Ciò assume particolare rilevanza in questa fase di intense trasformazioni, che vede emergere una nuova dimensione della politica. Il declino delle ideologie s'accompagna ad una crisi delle formazioni partitiche, che spinge ad intendere in modo nuovo la rappresentanza politica e il ruolo delle istituzioni.
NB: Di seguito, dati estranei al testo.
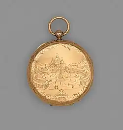 The Reference 57260 is part of Vacheron Constantin's lineage of tailor-made grand complicated pocket watches since James W. Packard's pocket watch (1918), which was auctioned for US$1.763 million by Christie's in New York on June 15, 2011.[63][64] In addition, the Vacheron Constantin pocket watch Ref. 402833 (1929), which was tailored for King Fuad I of Egypt, ranks as one of the most expensive watches ever sold at auction, fetching US$2.77 million (3,306,250 CHF) in Geneva on April 3, 2005.[11][45] In 1946, Vacheron Constantin tailored a complicated pocket watch for King Farouk of Egypt, the successor of King Fuad I, and in 1948 the company tailored another one for Count Guy de Boisrouvray of France.[65][66]
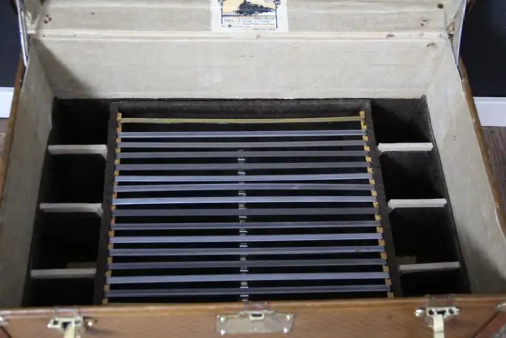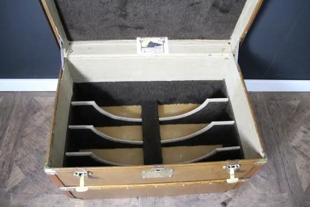 Im Inneren befindet sich noch das originale Moynat-Etikett sowie das Herstellungsdatum 1916. Das Innere ist original und für sein Alter sehr sauber und frisch.
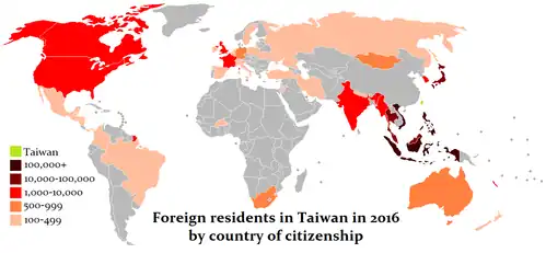 - ^ "Foreign Residents-by Nationality". National Immigration Agency, Ministry of the Interior. 2018-11-28. Archived from the original on 2018-12-18. Retrieved 2018-12-18.
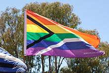- ↑ Berry, Bruce (25 January 2011). "Gay flag in South Africa". FOTW. Archived from the original on 6 March 2013. Retrieved 21 July 2014.

Occorre riscoprire il senso della partecipazione, coinvolgendo maggiormente i cittadini nella ricerca delle vie opportune per avanzare verso una realizzazione sempre più soddisfacente del bene comune.
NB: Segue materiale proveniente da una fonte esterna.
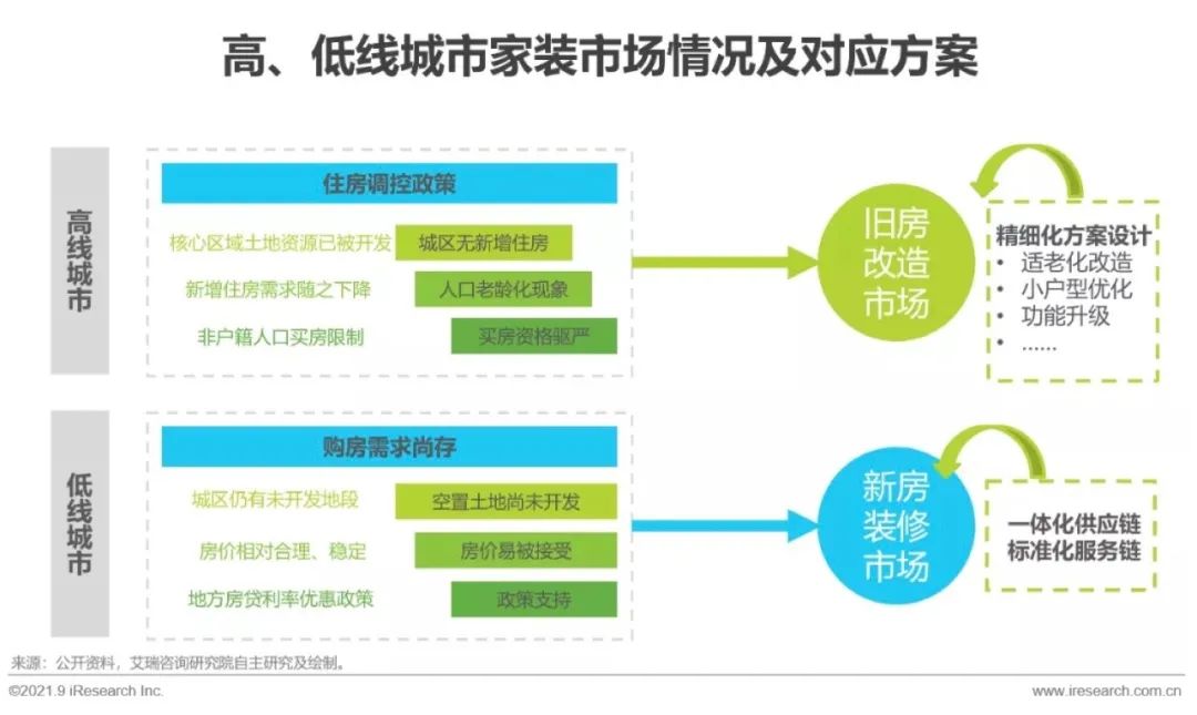 針對高線城市土地資源有限、人口壓力大等問題,國家出台一系列房地產調控政策,新房裝潢市場空間也因此逐漸收窄,但是舊房改造市場仍有較大發展潛力。近期頒布的鼓勵三胎政策進一步推動了消費者居住功能升級的需求,艾瑞相信對相應客群提供有針對性的精細化設計方案會是未來舊房改造市場的關注重點。三線及以下城市受政策激勵和城市發展需要,新樓盤開發仍在不斷增加,因此新房裝潢市場會逐漸向低線級城市發展,但是由於低線城市的家裝企業大部分尚未建立標準化的供應鏈和服務鏈體系,因此對於這類家裝企業,應當加快標準化進程,練好紮實的「基本功」,以應對管道下沉。

Il dialogo e il confronto con la società pluralistica
La coerenza personale del politico ha bisogno di esprimersi anche in una corretta concezione della vita sociale e politica che egli è chiamato a servire.
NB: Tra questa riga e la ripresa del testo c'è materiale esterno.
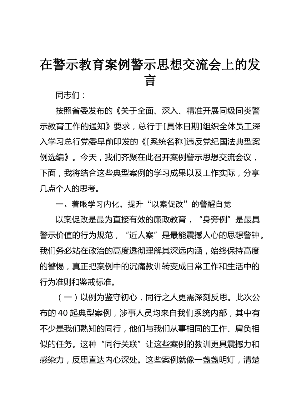 在警示教育案例警示思想交流會上的發(fā)言同志們:按照省委發(fā)布的《關(guān)于全面、深入、精準開展同級同類警示教育工作的通知》要求,總行于[具體日期]組織全體員工深入學習總行黨委早前印發(fā)的《[系統(tǒng)名稱]違反黨紀國法典型案例選編》。今天,我們齊聚在此召開案例警示思想交流會議,下面,我將結(jié)合這些典型案例的學習成果以及工作實際,分享幾點個人的思考。一、著眼學習內(nèi)化,提升“以案促改”的警醒自覺以案促改是最為直接有效的廉政教育,“身旁例”是最具警示價值的行為規(guī)范,“近人案”是最能震撼人心的思想警鐘。我們務(wù)必站在政治的高度透徹理解其深遠內(nèi)涵,始終保持高度...

Nell'attuale società pluralistica, il legislatore cristiano si trova di fronte a concezioni di vita, a leggi e a richieste di legalizzazione che sono in contrasto con la propria coscienza. Sarà allora la prudenza cristiana, che è la virtù propria del politico cristiano, a indicargli come comportarsi per non venir meno, da una parte, al richiamo della sua coscienza rettamente formata, e non mancare, dall'altra, al suo compito di legislatore. Non si tratta, per il cristiano di oggi, di uscire dal mondo in cui la chiamata di Dio l'ha posto, ma piuttosto di dare testimonianza della propria fede e di essere coerente con i propri principi, nelle difficili e sempre nuove circostanze che caratterizzano l'ambito della politica.
Certo, nell'applicazione di questi principi alla complessa realtà politica, sarà spesso inevitabile incontrarsi con ambiti, problemi e circostanze che possono dare legittimamente adito a diverse valutazioni concrete. Al tempo stesso, però, non può giustificarsi un pragmatismo che, anche rispetto ai valori essenziali e fondanti della vita sociale, riduca la politica a pura mediazione degli interessi o, ancor peggio, a una questione di demagogia o di calcoli elettorali. Se il diritto non può e non deve coprire l'intero ambito della legge morale, va anche ricordato che esso non può andare "contro" la legge morale.


Thomas More,
diventato santo facendo politico

La vita
Lord Cancelliere del Regno d'Inghilterra
Tommaso Moro nacque nel cuore di Londra il 7 Febbraio 1478 e, sempre nella capitale inglese, fu decapitato il 6 luglio 1535.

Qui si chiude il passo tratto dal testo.